The work of the Life Sciences Research Task Force toward establishing standards within biology through the use of CORBA and IDL will be a main theme at the meeting, Robinson said.
"Through technologies such as CORBA being demonstrated at Objects in Bioinformatics the possibility of integrating biological information from, for example, sequence, metabolic, regulatory, and expression databases in a coherent, standardized manner is becoming a reality. This promises a very exciting future for functional genomics research that requires pooling data from many disparate sources," Robinson remarked.
He said another theme that emerged from the 35 poster presentations and more than 20 invited speakers is "the development and application of object-oriented databases for capturing and storing biological information." For example, a presentation by Richard Baldock of the UK's Medical Research Centre will demonstrate how his group is developing a digital atlas of mouse development for use as a spatial reference and standardized nomenclature for a gene-expression database.
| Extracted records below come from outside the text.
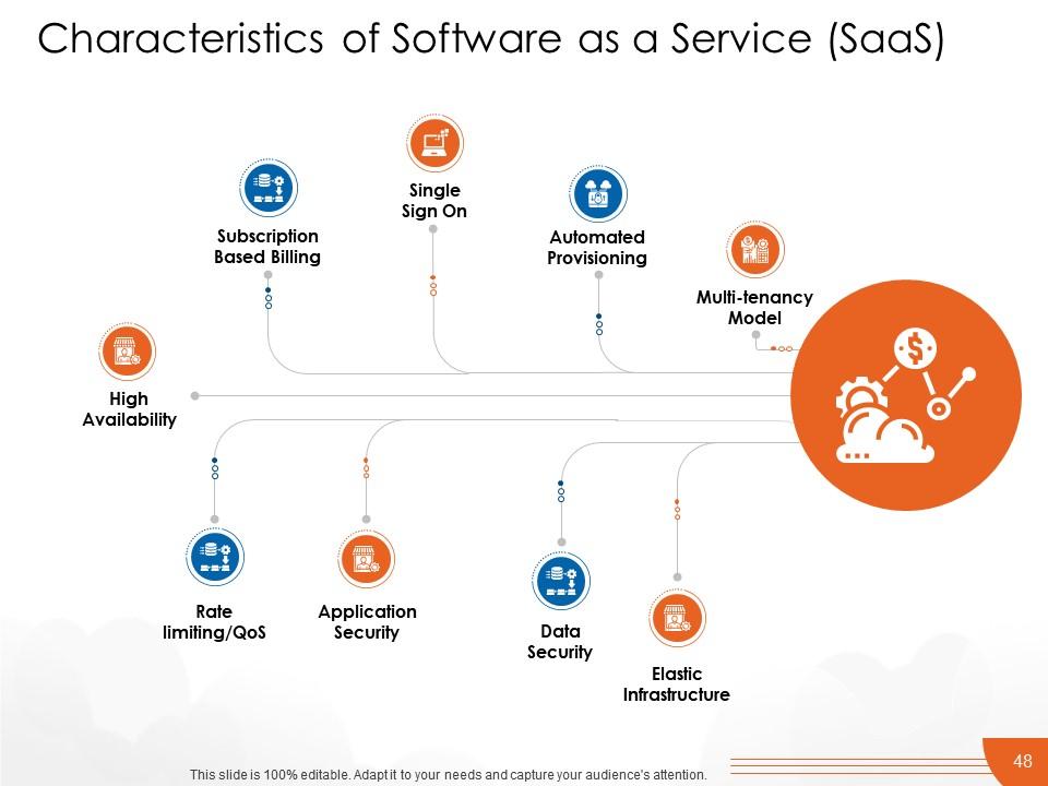 This slide comes up with the essential features of software as a service (SaaS), which includes single sign-on for easy accessibility, multi-tenant models for efficient resource sharing across users, and automated provisioning for hassle-free deployment.
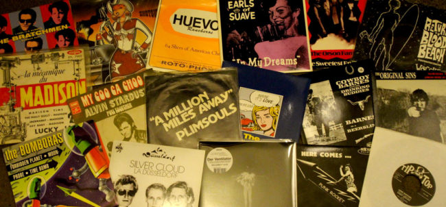 Ouais. Une petite pluie de 45 tours, les amises, pile devant la boutique ! Taulier, qui était de sortie avec son clope, s’est pris ça sur la cafetière et, allez, professionnel, est vite rentré se secouer le râble derrière le Rideau (c’est sa maison dans le fond). Voilà là, une grosse première flaque de chouettes…
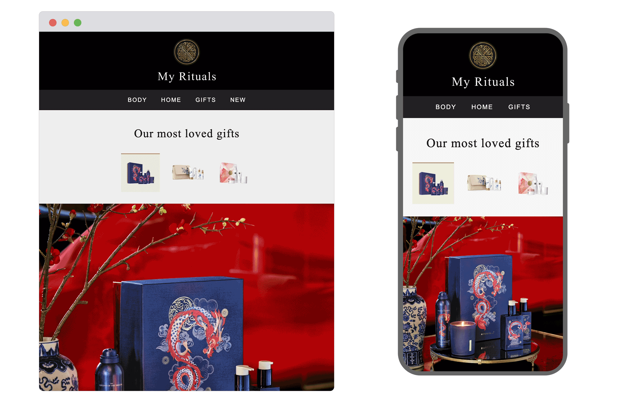 It’s all about the interactive element in the hero of this email from Rituals. Select from three options and witness the content of the email change completely! We especially like the way the CTA also shifts to complement the copy for each differing block, making it more interesting and therefore, the reader more likely to click through.
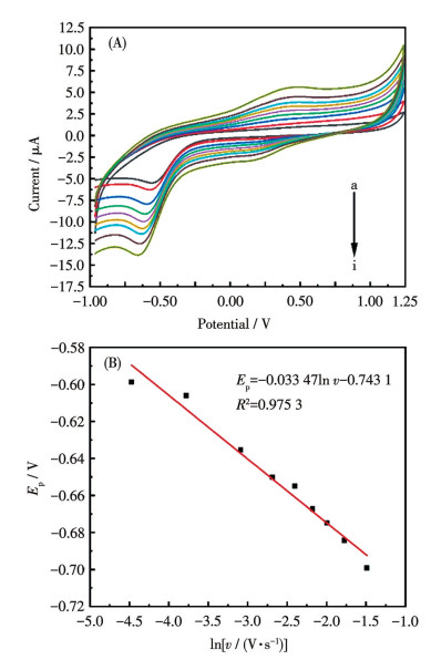 Fig. 5A shows the influence of different scan rates on the electrochemical behavior of the complex. It is seen that all curves exhibited distinct reduction peaks, with no distinct oxidation peaks appearing. This indicates that the complex undergoes a completely irreversible electrochemical reduction process. When the scan rate increased from 0.01 to 0.20 V·s-1, as seen in the figure, the peak potential gradually changed, and the reduction peak potential shifted toward the negative direction. According to the relation between peak potential (Ep) and the logarithm of scan rate (ln v) (Fig. 5B), it could be calculated that the complex undergoes an electrochemical reduction process involving one electron and one proton. This may correspond to the carbonyl group on the pyrimidine ring of the ligand obtaining a proton and becoming a hydroxyl group. The electrochemical analysis results reflect that the ligand can still maintain its electroreduction performance after coordinating with the metal center Sn.
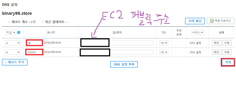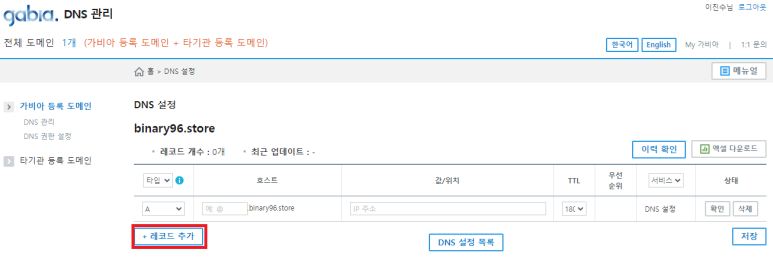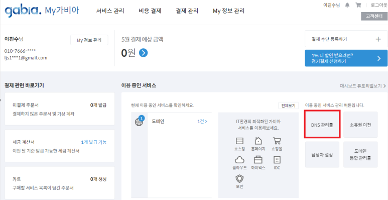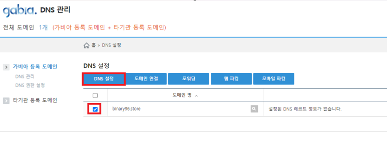 본인 도메인 체크박스 클릭 후 DNS 설정 클릭

Other highlights will include presentations on the latest developments in applying CORBA technology to provide better access to databases of EST information, tools for comparative genomics, the integration of chemoinformatics and bioinformatics, and a case study of how Java and CORBA are being used by Zeneca Pharmaceuticals to support bioinformatics-based research and development.
Registrants hail from pharmaceutical, software, biotech, and genomic companies; and research institutes and genome and bioinformatics centers worldwide. Dele gates are expected from across Europe, the US, Canada, Japan, and Australia. Visit the conference website at http://www.ebi.ac.uk/oib98/.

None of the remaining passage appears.